Despite such restrictions, a unique phenomenon has emerged in platform journalism in China whereby institutionally uncertified private digital news organizations are actually producing news, and may thus be regarded as forming a new kind of news space. It is for this reason that we have applied Tenenboim and Kligler-Vilenchik’s concept of “meso news-space” to characterize a Chinese-featured meso news-space located between public news production and private discussion. Such a space is not fully public in the sense that the news produced by digital news organizations is not open to all users. For one thing, such non-state-owned news organizations are not officially licensed to produce news. For another, the news published in public accounts on social media platforms such as WeChat focuses on limited person-to-small-group communication (Harwit Citation2016), where audiences can view such news only when they subscribe to these public accounts or their friends repost this content in their friend circles or groups. The space is also not fully private in the sense that these digital news organizations follow institutional conventions in producing and publishing news, making them different from private discussions such as communications between family members or close friends.

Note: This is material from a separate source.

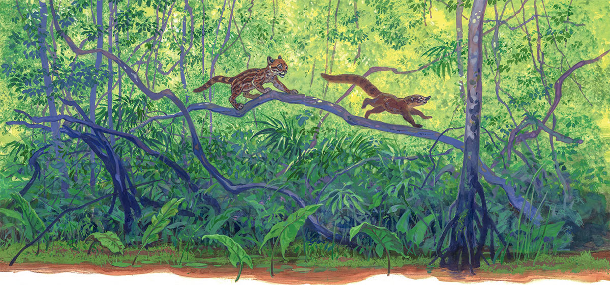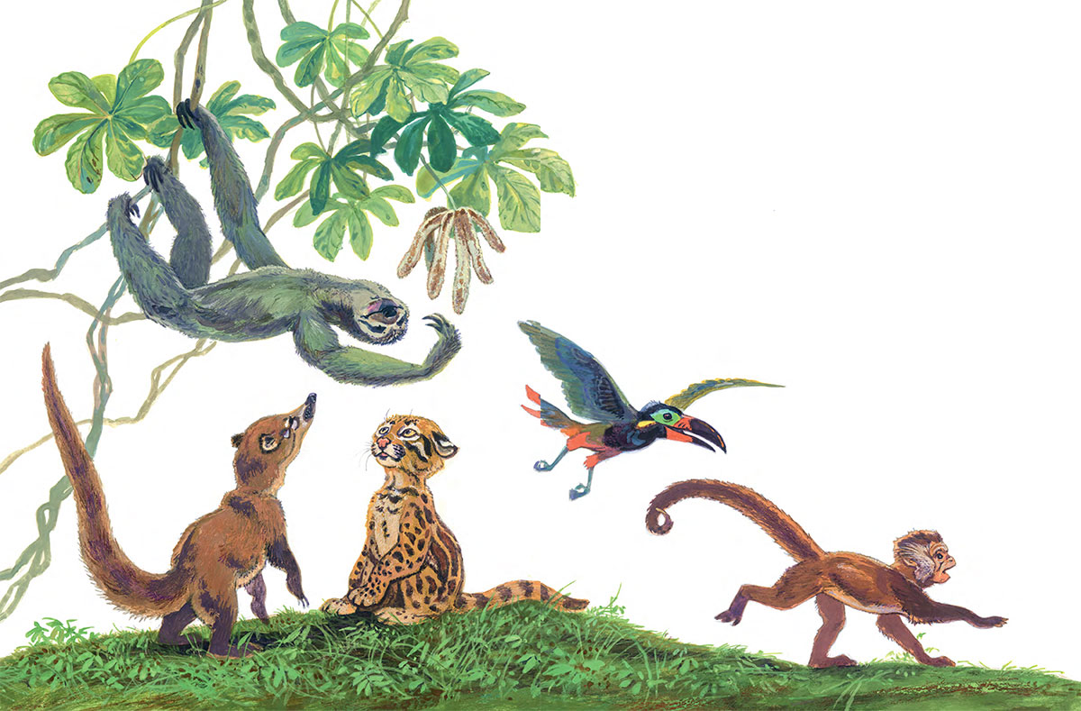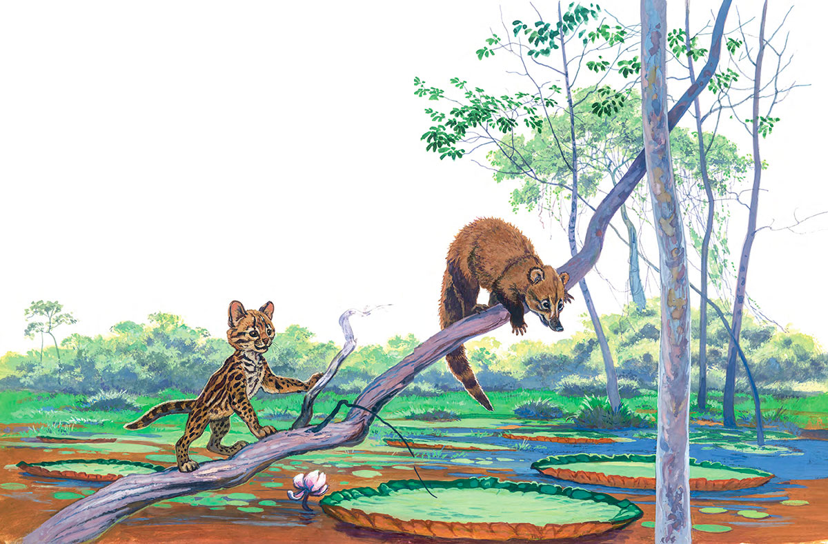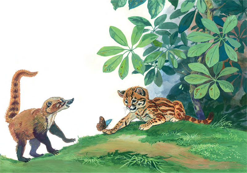 Для начала надо рассказать, о ком пойдет речь в этой истории. Что это за звери с такими чудными названиями? А чудные и непривычные они только для нас. В Бразилии все знают, как выглядят коати[1] и жагуатирика[2]. Первый зверь – это носуха из рода енотов. Енота-то знают все! А жагуатирика – это небольшой ягуар, его еще называют оцелот, то есть всем теперь понятно, что этот зверь – хищный. Но в нашей сказке они еще маленькие и вполне могли подружиться и играть вместе!

In characterizing this space, we would propose that the news production practices of such private digital news organizations in China constitute an updated practice of peripheral news production. As a social practice, peripheral news production is context-specific. In the West, from the perspective of professional boundaries and identity legitimacy, legacy media can be regarded as core actors and the emerging social media and digital news organizations as peripheral actors (Belair-Gagnon, Holton, and Westlund Citation2019; Cheruiyot et al. Citation2021). As newcomers to the journalistic field, such organizations attempt to obtain identity legitimacy from social acceptance as professional journalists, which legitimizes them to offer the public goods of informing the public (Murschetz Citation2013). In China, the distinction between core and peripheral actors in journalism relates not only to their identity legitimacy, but also to their institutional legitimacy, that institutional recognition and acceptance which determines the capabilities and status of such news organizations in terms of resource control, authority hierarchy, and influence flows (Pan Citation2000, 256). Under the asymmetric control of platform journalism in China, the state-owned media are positioned at the center of news production, whereas private digital news organizations are at the periphery and face the “dual legitimacy” dilemma of how to obtain identity legitimacy as professional news media despite lacking the institutional legitimacy that would come with being licensed.

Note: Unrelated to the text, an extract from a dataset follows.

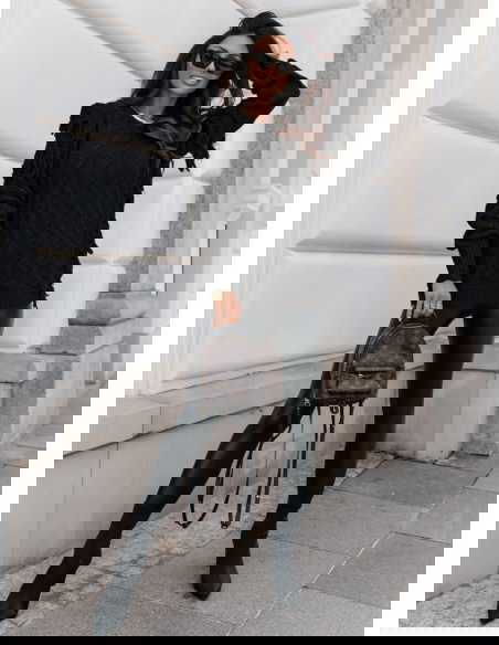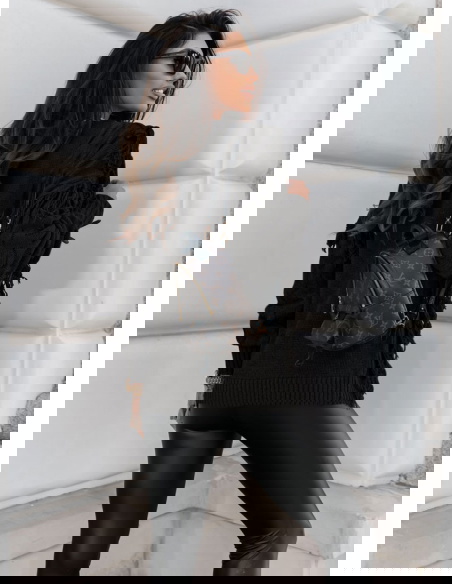 Czarny sweter z ozdobnymi frędzelkami Agathe to elegancki i stylowy element garderoby, który przyciąga uwagę swoim unikalnym wzorem. Ozdobne frędzelki dodają swetrowi charakteru i oryginalności. Wykonany z miękkiego i przyjemnego w dotyku materiału, sweter zapewnia komfort i ciepło podczas noszenia.

Previous research on digital news organizations in China has mainly focused on such organizations’ professional identity (Li Citation2019; Deng Citation2020), and business models (Liu and Liu Citation2017; Huang and Fan Citation2018). The actual mechanisms of peripheral news production by such private organizations remain to be explored. Therefore, in relation to the Chinese featured meso news-space, we identify the following research questions:

RQ1: What are the main characteristics of peripheral news production as manifested on Chinese social media platforms?

RQ2: What are the forces that shape and influence such peripheral news production activities?

RQ3: How does peripheral news production contribute to the construction of a Chinese featured meso news-space?

Methodology

We employed two research methods. Firstly, we conducted 17 in-depth, face-to-face or voice-call interviews via WeChat between October 2021 and May 2022 with an average duration of one hour. Using both purposive and snowball sampling, we recruited 17 interviewees of different genders, affiliations, positions, and work experiences, as shown in . At the time of interview, the 17 respondents were working in 14 content-driven news organizations operating on the WeChat Public Platform, such as The Livings, 36Kr, and True Story Project. 13 respondents were frontline staff members and 4 were senior managers; and 12 had previously worked for 15 state-owned media or we-media organizations. The interviews were semi-structured, and focused on three areas: the process of news or content production in their organizations, the internal and external factors impacting on news or content production, and their perceptions of news and journalistic professionalism.

Table 1. The list of interviewees.

Secondly, we collected data from participant observation. Such participant observation can provide greater detail as well as mutual verification with the in-depth interview data. By working between October to December 2021 as an intern at a content-driven digital news organization, one of the authors was able to document the process of news production. During this period, this author had informal conversations with two content editors and one chief editor and took notes after the conversations. The vice chief editor of this news organization also participated in an interview with the same author (No.7 on the list of interviewees above). Both conversations and interviews focused on the same research questions identified above.

Due to ethical considerations of personal privacy and industrial confidentiality, both personal and organizational information about the interviewees was removed from the text upon the request of the interviewees. Following the guidelines for thematic analysis supplied by Braun and Clarke (Citation2006), each author independently reviewed and manually coded data, including interview transcripts and field notes, and suggested suitable themes. The research team then jointly discussed potential themes, identified common narratives relating to the peripheral news production practices of each platform, and determined the themes used for coding.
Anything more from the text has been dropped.